DBTG who… says “next weekend”

For the first time in this blog’s long and chequered history, I am writing about something completely serious that affects me personally.  If I had the opportunity to change one thing about the world, I would choose this (assuming that all the important stuff like wars and hunger and AIDS and that have already been fixed, which obviously they won’t have been).  It is something with the potential to have a devastating effect on people – it’s ruined whole days of my life, and frankly that needs to stop.

The problem, if you haven’t read the title of this blog (fair enough), is that the whole world apart from me (apparently), is unable to use the word “next” correctly when referring to dates.

Let us try a quick thought experiment:

If I say that we are currently at 6, and ask you what the NEXT even number is (assume numbers are increasing), what is the answer?:

a)    8

b)     Absolutely anything else


If you answered “b)” then you are an idiot, or more likely a contrary dickhead who thinks it’s clever to not give a straight answer to something.  Ok, I get it.  Sometimes it’s good sport to take the opposite side of an argument, sometimes it’s even necessary to properly understand an issue.  But this issue is totally black and white (because this is my blog and I say it is), so your smug little attempt at being better than me was always doomed to failure.

I was once asked a similar question amongst a group of students (pah!).  We were given the terms “always/often/sometimes/rarely/never”, and asked to give each one a percentage to represent the frequency of an event happening.  Ie: if I “sometimes” brush my teeth after breakfast, what percentage of days do I brush my teeth?  One girl, whose name I forgot, answered “always” as 80%, and “never” as 20%.  When it turned out that (obviously) everyone else had gone for the sensible answers to these, she got all proud of herself for standing out of the crowd and began trying to argue her case.  The instructor told her to be quiet, and that she was wrong, and that was the end of the exercise.  I am glad I don’t remember anything else about her.
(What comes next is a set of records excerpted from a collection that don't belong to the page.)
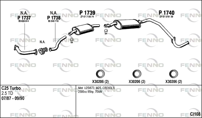 CITROËN C25 valník/podvozek (280_, 290_) 2.5 DT - Výfukový systém - kompletní od 1/1987 do 1/1994, 2498 ccm, 70 kW, 95 hp, CRD93LS (U25/673), valník/podvozek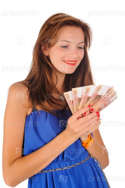 Привлекательная улыбающаяся девушка с веснушками охлаждается веером денег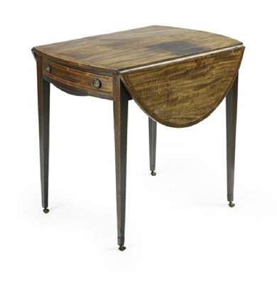 GEORGE III MAHOGANY, CROSSBANDED AND LINE INLAID PEMBROKE TABLE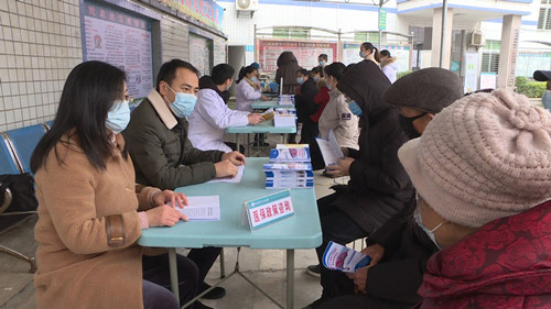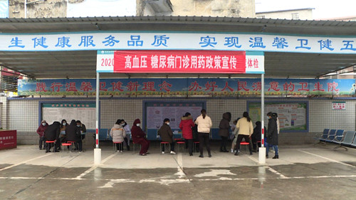 2020年12月15日,冬日暖阳。桃林镇中心卫生院内,由市医保局组织的部分医疗专家,在对筛查出来的糖尿病、高血压病服药依从性不好、治疗控制效果不佳的患者再次进行检查,制定治疗方案,进行疾病预防及健康教育宣讲。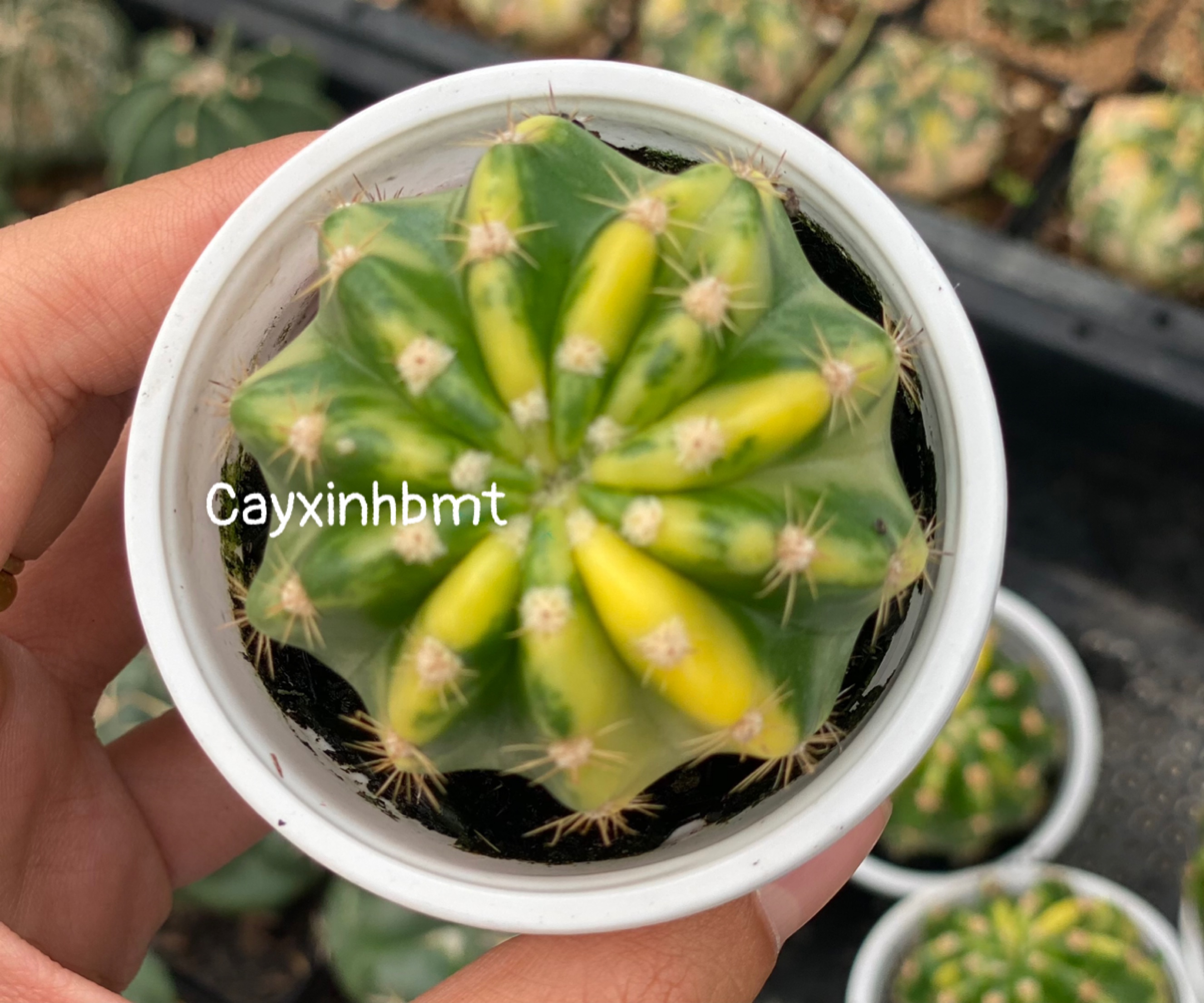 -Cây Echino Lem vàng với size 2.5-3.5cm,hoa màu trắng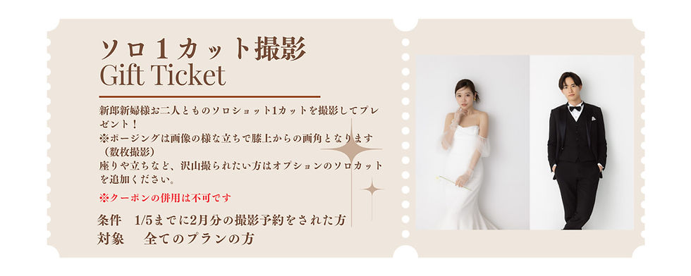 ・新郎新婦様お二人とものソロショット1カットを撮影してプレゼント!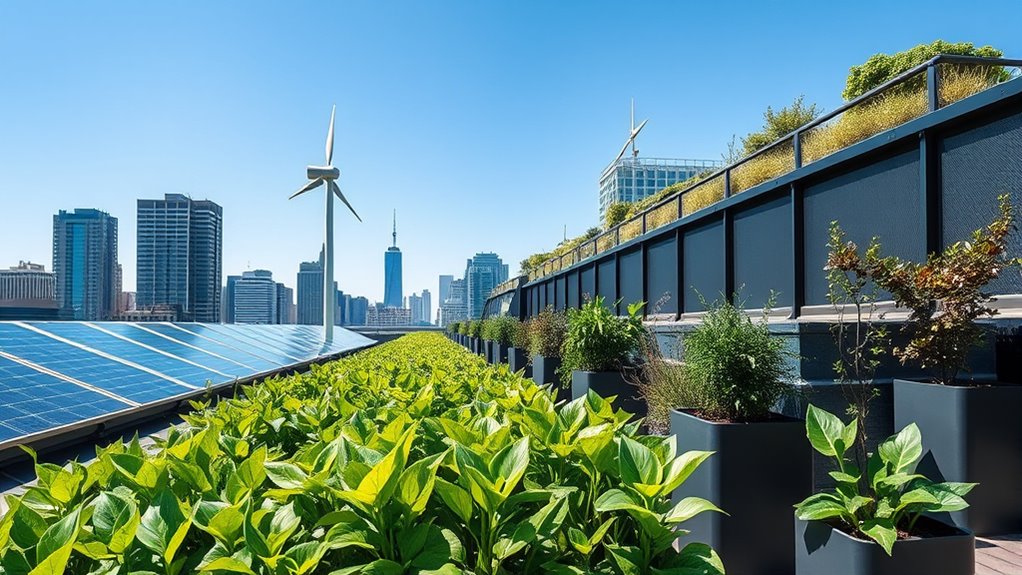 Green tech helps you protect the environment by reducing pollution, cutting greenhouse gases, and promoting sustainable growth. It uses innovations like renewable energy sources, eco-friendly manufacturing, and smart technology to lower your carbon footprint and save energy costs. These solutions create jobs and support eco-conscious choices. By adopting green tech, you contribute to a healthier planet. Keep exploring how these advancements can make a difference, and you’ll discover even more ways to get involved.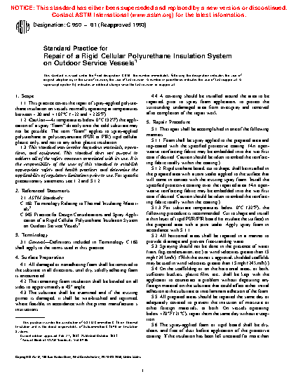 1.1 This practice covers the repair of spray-applied polyurethane insulation on vessels normally operating at temperatures between 30 and + 107°C (22 and + 225°F).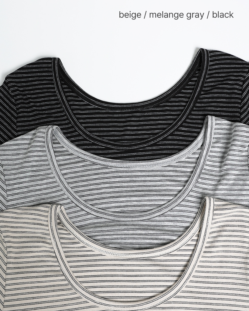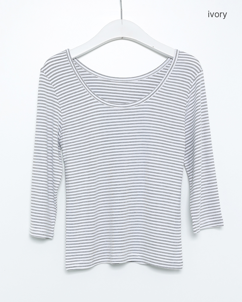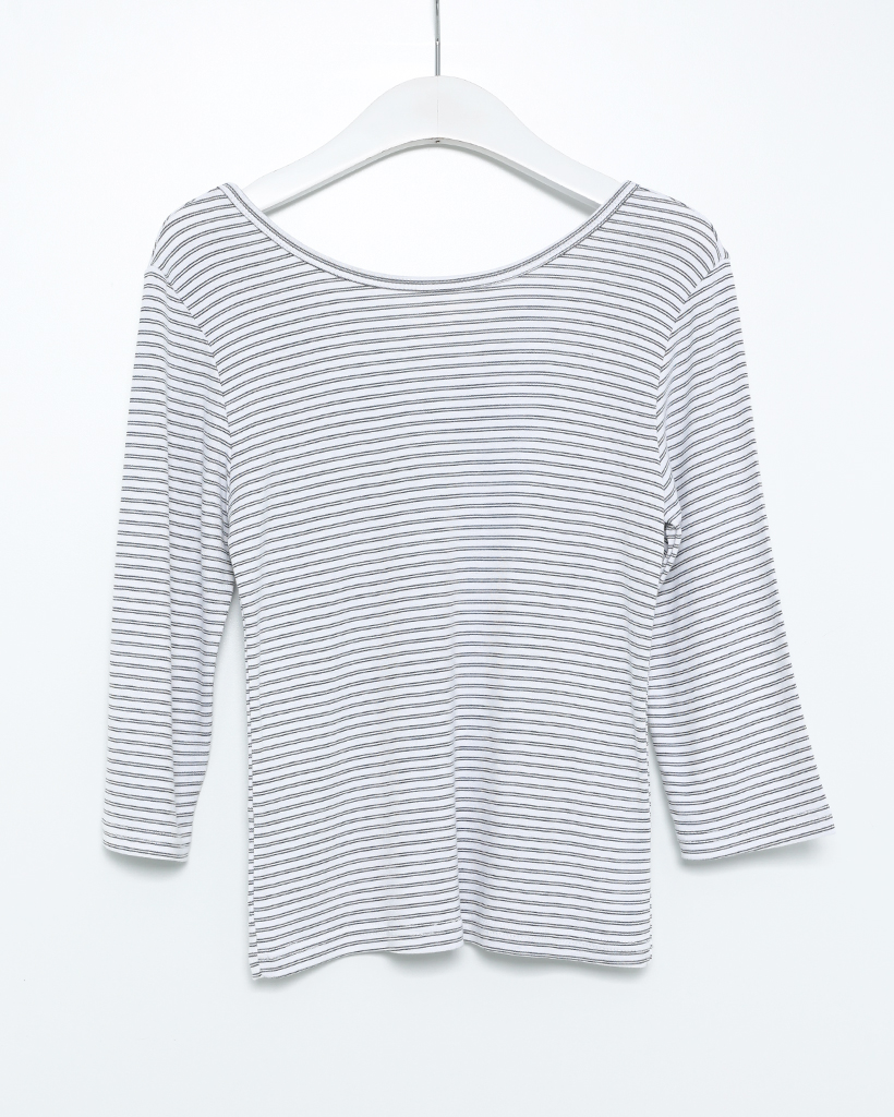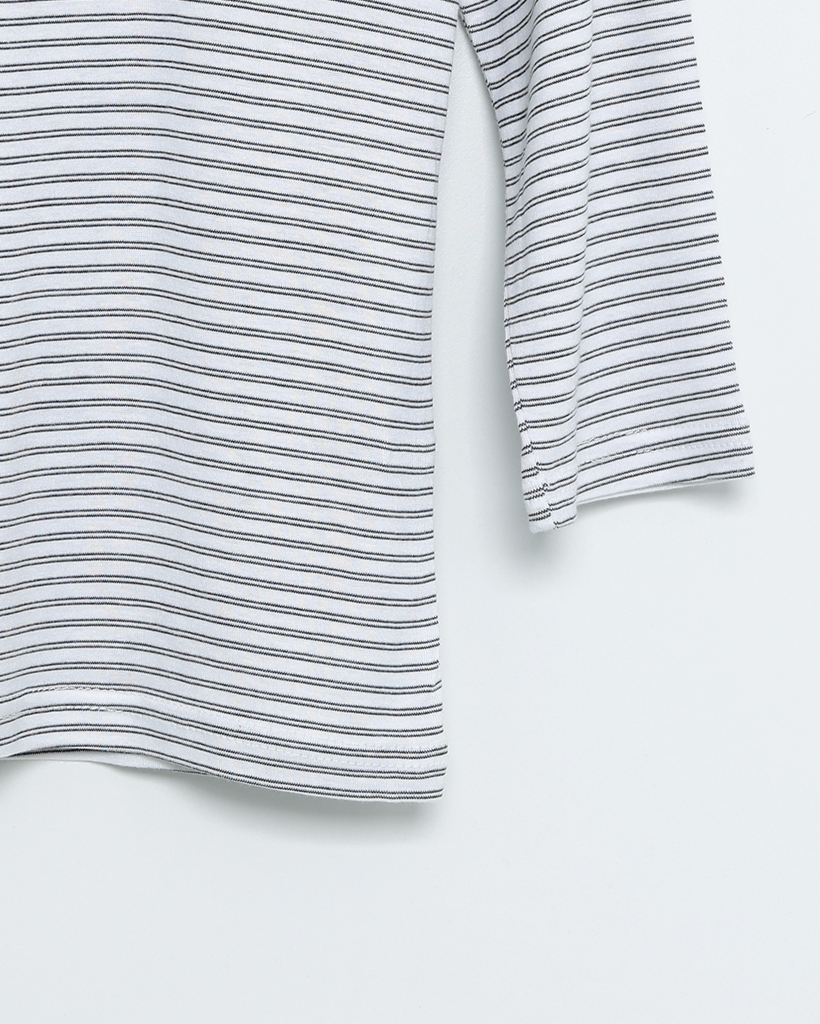 ボーダーオーバルネッククロップドスリーブTシャツ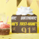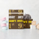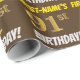 Este diseño de papel envolvente incluye un mensaje como "¡CUMPLEAÑOS 91 DE PRIMER NOMBRE!", mientras que el "91" tiene un aspecto de color falso/imitación de color dorado, y con el nombre y el "CUMPLEAÑOS" en un tipo de letra divertido y audaz. El nombre se puede personalizar y el fondo es marrón de colores. El envolvimiento de papel como este podría ser usado cuando se le dan regalos de cumpleaños a alguien en celebración de su cumpleaños noventa. [~Z0000211]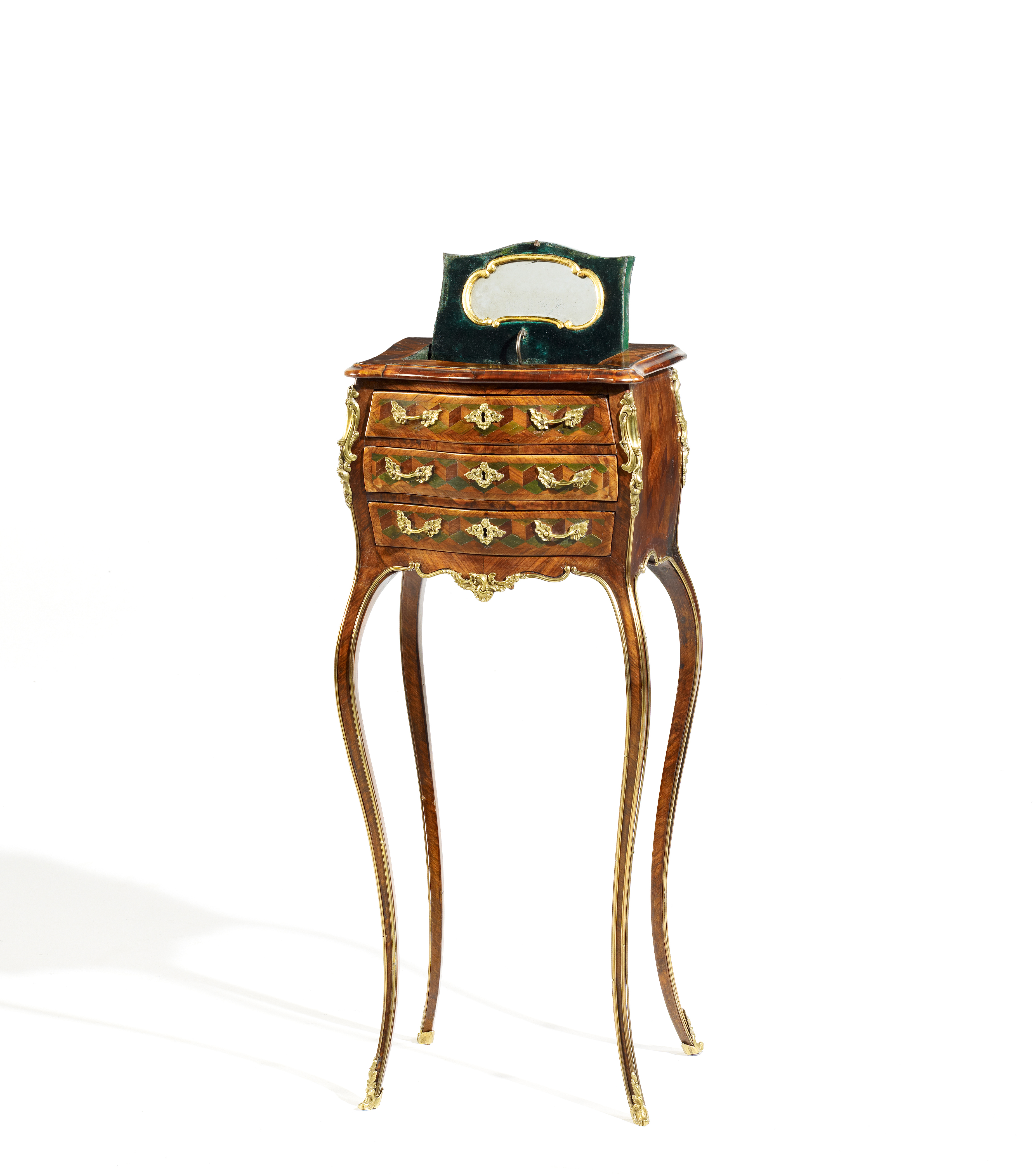 Königsholz, Holz tlw. grün gefärbt. Vergoldete Applikationen. Bombierter Korpus mit drei kleinen Schüben auf hohen zierlichen Beinen ruhend. Unter der

Anyway, the point is that the word “next” is clearly defined.  It’s almost impossible for me to explain it without using the word itself (and I’m fucked if I can be bothered looking up a proper definition) – that’s how well-defined it is.  And yet, it sometimes seems as though the entire world got together and agreed (presumably while I was on holiday or something) that they would all accept and propagate the improper use of the word just to piss me off.  Though experiment number 2:

Today is Monday 2nd September. According to the calendar, when is the next Thursday?

a)    Thursday 5th September

b)    You’re wrong, and I’m forgetting your name


So how come, when I agree to meet someone in the pub “next Thursday”, do you all seem to think that means Thursday 12th?  That’s in 10 days’ time, and there is another Thursday in between then and now!


What the fuck is wrong with everyone?!  This genuinely upsets me (not like cancer, but still, genuine anguish), because I seriously can’t adapt to it.  I know how everyone else uses the word, but my brain won’t accept the override because the logic is so utterly plain to see that, I don’t know, it just feels like I’m pranking myself.  It all serves to remind me that I will never properly fit in with the rest of the world, and that will forever be, metaphorically speaking, sitting in the pub alone, a week earlier than everyone else.

This has actually happened to me, by the way.  I now insist on expressing the date of the meeting, or how many days there are between then and now to remove the confusion in the situation.  People think I’m being “that guy”, I know, but I genuinely have to do it.  Not because I love being a contrarian wanker, simply because my brain doesn’t seem to work like everyone else’s.  I am actually really envious of all the people out there, who can say something that, objectively, makes no sense, and yet everyone else has some tacit understanding of what you meant, and can communicate with one another without making a fuss about it.

Well done you.  Can we please have another meeting and change it back?